(Aim of the exercise): Below is a listing; print exactly its lines from the one containing "2020年8月28日水質檢驗報告" down to the one containing "Wat maakt deze", both inclusive, with every picture left out.
··· Dataset extract
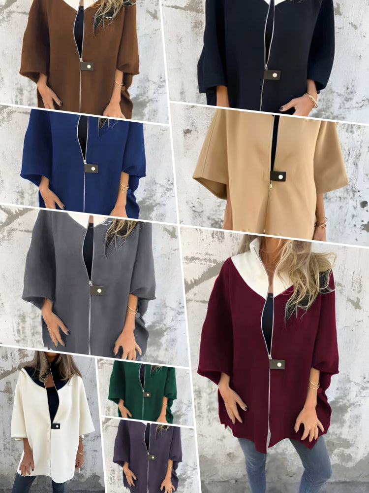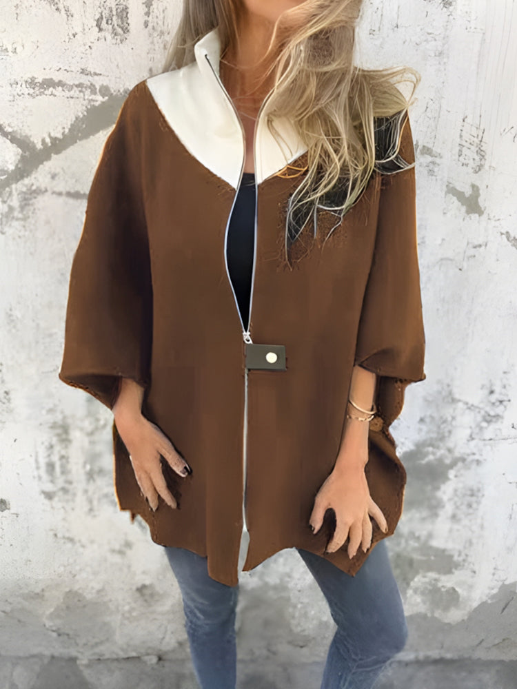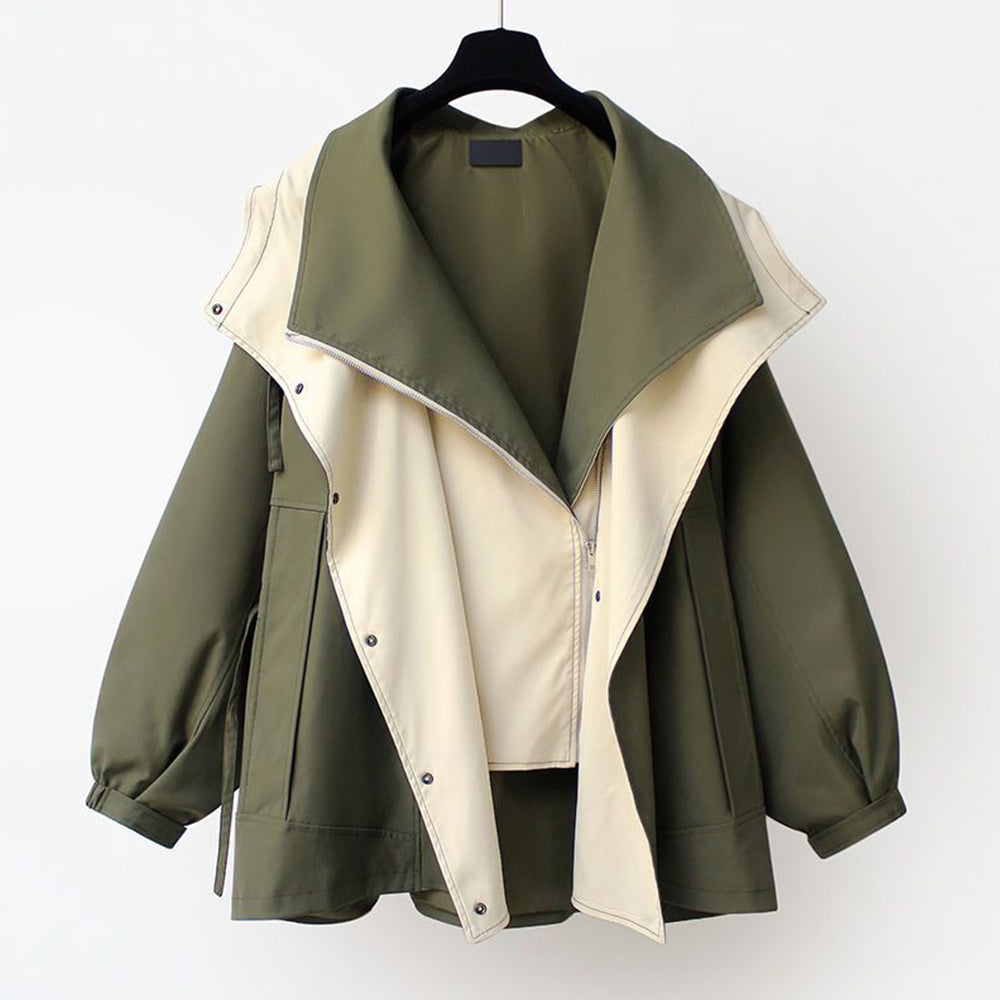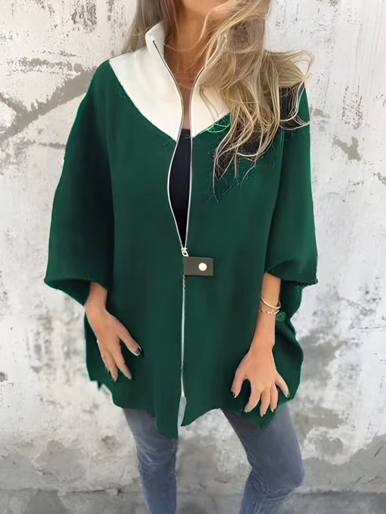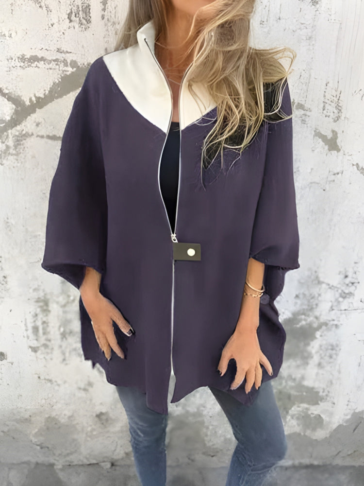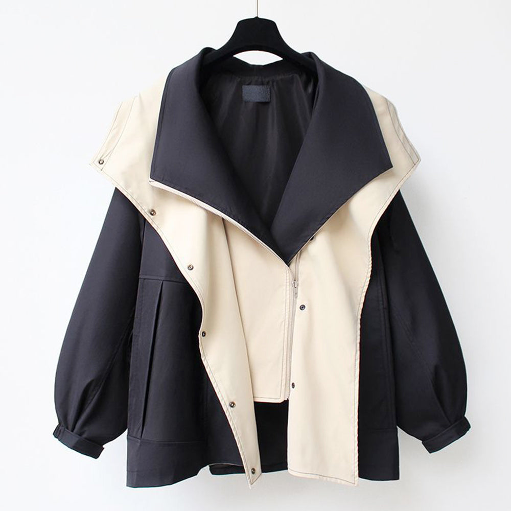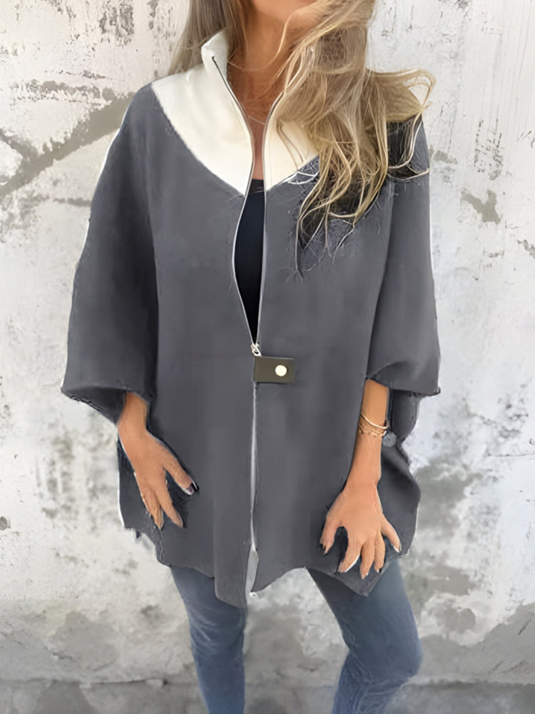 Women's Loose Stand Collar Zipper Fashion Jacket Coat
······
··· Dataset extract
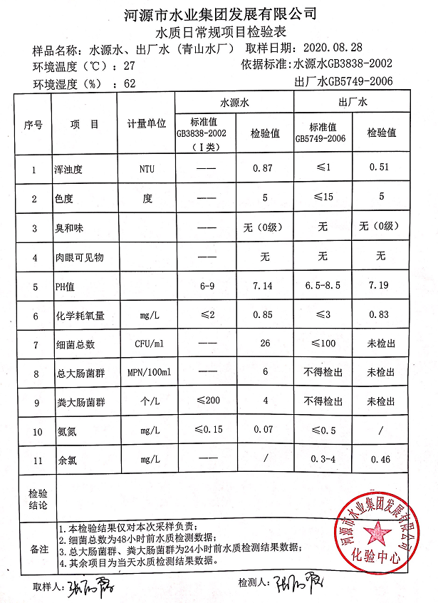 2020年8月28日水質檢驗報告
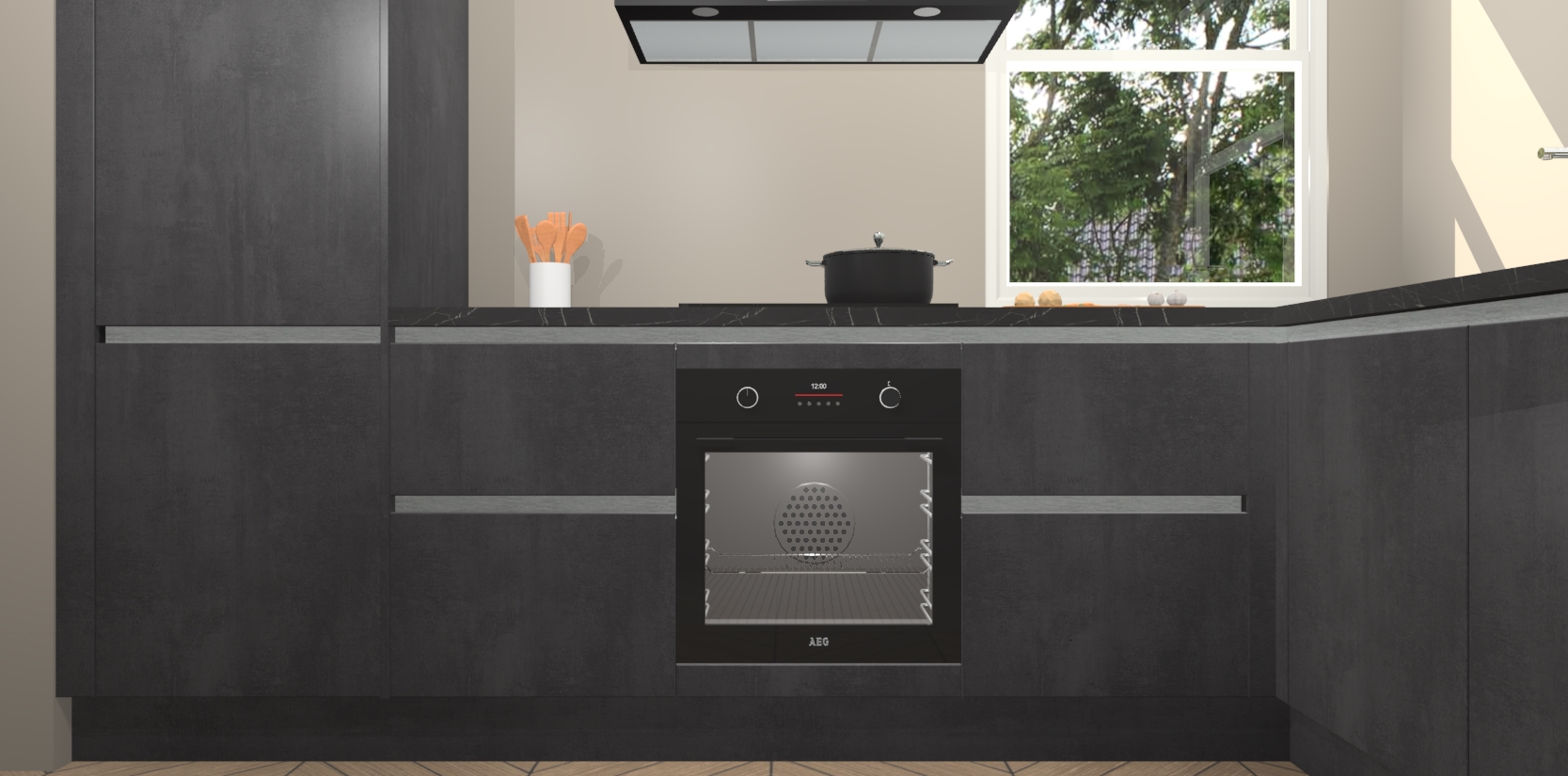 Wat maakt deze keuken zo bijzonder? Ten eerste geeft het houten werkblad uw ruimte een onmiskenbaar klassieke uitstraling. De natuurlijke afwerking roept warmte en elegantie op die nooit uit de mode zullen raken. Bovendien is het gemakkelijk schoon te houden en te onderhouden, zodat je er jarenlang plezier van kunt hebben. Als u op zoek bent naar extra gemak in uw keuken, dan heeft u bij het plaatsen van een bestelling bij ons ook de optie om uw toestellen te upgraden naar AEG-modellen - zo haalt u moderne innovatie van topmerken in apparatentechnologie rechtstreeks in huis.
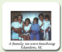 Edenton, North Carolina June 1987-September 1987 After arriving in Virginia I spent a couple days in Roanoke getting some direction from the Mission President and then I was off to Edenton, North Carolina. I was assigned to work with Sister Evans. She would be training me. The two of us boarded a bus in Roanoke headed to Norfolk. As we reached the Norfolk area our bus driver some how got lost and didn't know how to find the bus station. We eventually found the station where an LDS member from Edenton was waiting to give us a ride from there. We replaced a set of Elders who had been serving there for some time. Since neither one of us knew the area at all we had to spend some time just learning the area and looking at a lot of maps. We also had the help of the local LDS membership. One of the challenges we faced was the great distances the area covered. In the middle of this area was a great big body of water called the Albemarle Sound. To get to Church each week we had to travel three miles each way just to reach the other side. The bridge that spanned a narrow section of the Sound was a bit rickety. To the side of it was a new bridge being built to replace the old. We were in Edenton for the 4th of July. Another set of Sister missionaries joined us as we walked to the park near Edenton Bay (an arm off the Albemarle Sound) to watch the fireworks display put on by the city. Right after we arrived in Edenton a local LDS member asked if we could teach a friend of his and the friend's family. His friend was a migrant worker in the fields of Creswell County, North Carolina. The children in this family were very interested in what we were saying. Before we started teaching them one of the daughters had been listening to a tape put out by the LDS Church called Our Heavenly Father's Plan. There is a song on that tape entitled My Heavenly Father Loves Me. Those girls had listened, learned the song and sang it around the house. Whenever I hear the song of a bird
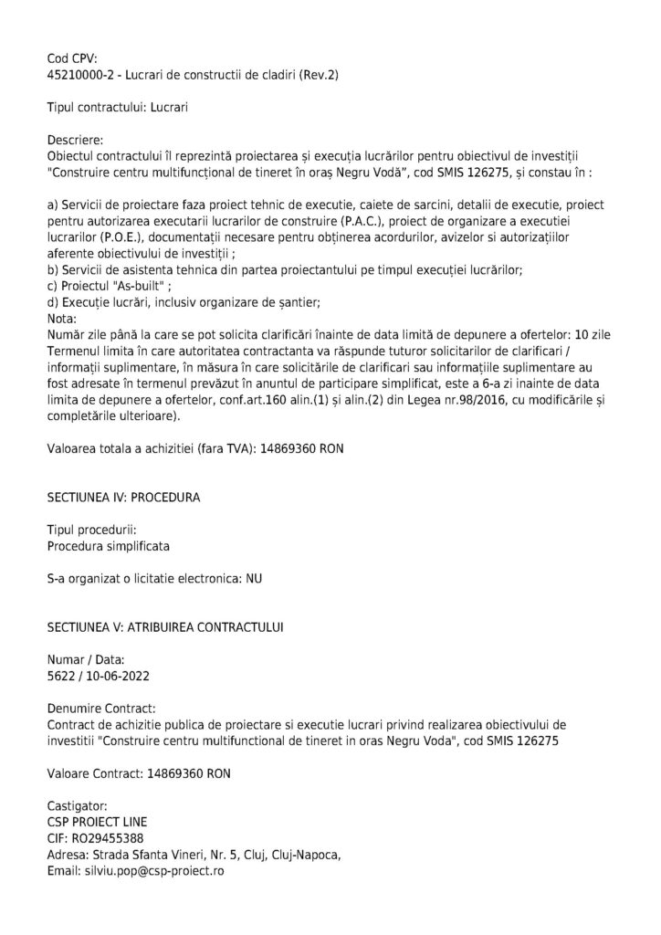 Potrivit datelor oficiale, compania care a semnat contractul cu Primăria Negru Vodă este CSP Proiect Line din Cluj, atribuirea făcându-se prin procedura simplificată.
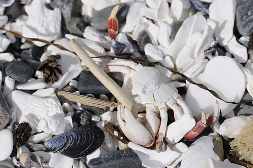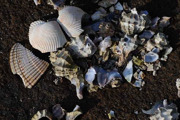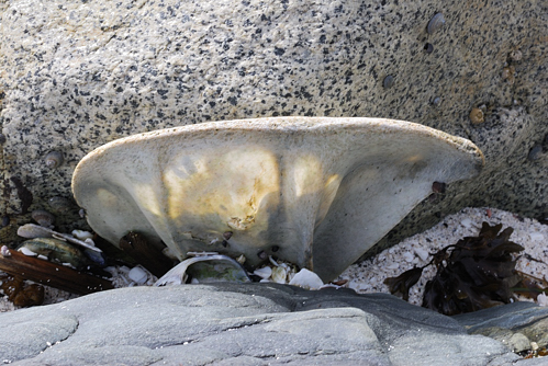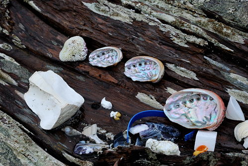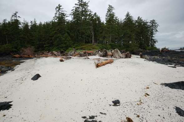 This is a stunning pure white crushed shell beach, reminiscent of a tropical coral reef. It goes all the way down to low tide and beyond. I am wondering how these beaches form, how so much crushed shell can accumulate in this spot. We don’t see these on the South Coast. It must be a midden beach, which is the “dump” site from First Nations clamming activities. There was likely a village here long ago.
······
··· Dataset extract
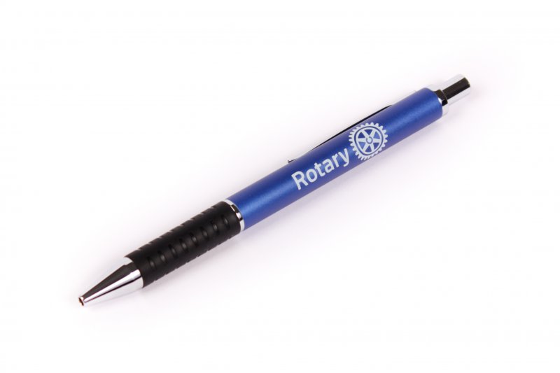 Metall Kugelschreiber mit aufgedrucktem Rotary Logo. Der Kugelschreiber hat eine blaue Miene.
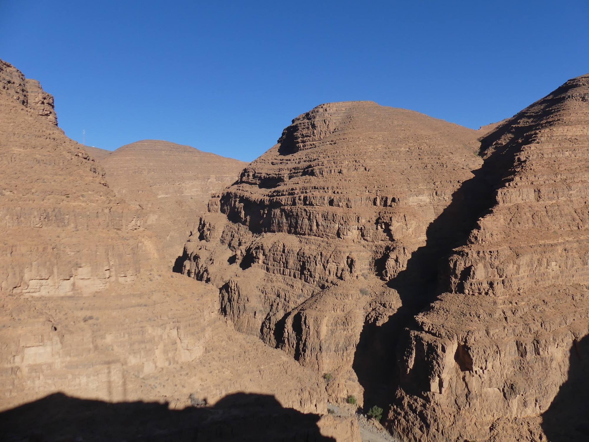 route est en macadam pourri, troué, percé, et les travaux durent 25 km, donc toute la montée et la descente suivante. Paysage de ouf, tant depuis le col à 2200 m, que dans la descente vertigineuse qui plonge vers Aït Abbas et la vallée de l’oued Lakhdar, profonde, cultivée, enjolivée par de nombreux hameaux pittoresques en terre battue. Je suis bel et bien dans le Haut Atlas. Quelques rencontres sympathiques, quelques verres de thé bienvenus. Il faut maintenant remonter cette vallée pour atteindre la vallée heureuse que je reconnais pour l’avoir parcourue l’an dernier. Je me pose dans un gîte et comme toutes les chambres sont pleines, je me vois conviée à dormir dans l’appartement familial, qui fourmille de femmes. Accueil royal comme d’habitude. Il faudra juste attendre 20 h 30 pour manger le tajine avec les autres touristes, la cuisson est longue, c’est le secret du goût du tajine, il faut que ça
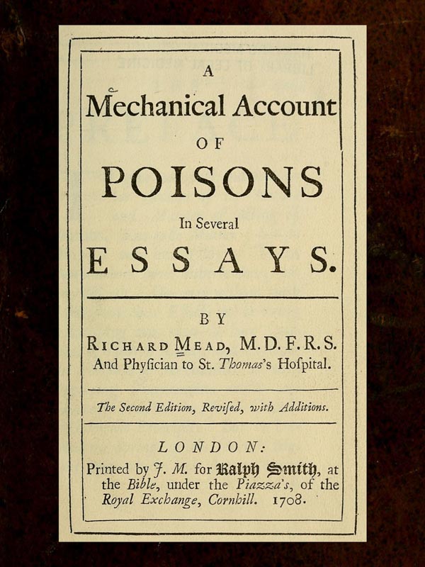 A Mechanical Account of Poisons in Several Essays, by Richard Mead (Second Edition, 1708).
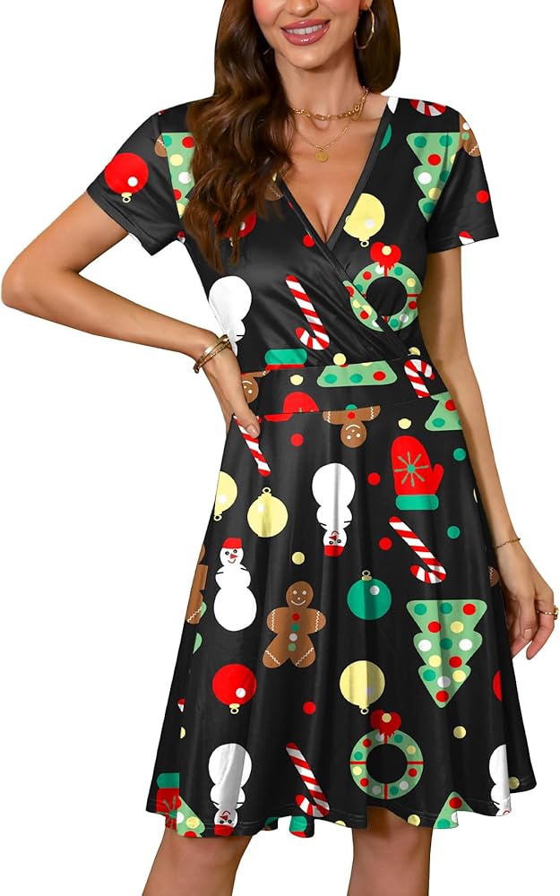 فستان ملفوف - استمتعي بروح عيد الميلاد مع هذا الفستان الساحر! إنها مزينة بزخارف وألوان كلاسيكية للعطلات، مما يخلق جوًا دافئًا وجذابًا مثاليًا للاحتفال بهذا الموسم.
······
(Answer box):
 2020年8月28日水質檢驗報告
 Wat maakt deze keuken zo bijzonder? Ten eerste geeft het houten werkblad uw ruimte een onmiskenbaar klassieke uitstraling. De natuurlijke afwerking roept warmte en elegantie op die nooit uit de mode zullen raken. Bovendien is het gemakkelijk schoon te houden en te onderhouden, zodat je er jarenlang plezier van kunt hebben. Als u op zoek bent naar extra gemak in uw keuken, dan heeft u bij het plaatsen van een bestelling bij ons ook de optie om uw toestellen te upgraden naar AEG-modellen - zo haalt u moderne innovatie van topmerken in apparatentechnologie rechtstreeks in huis.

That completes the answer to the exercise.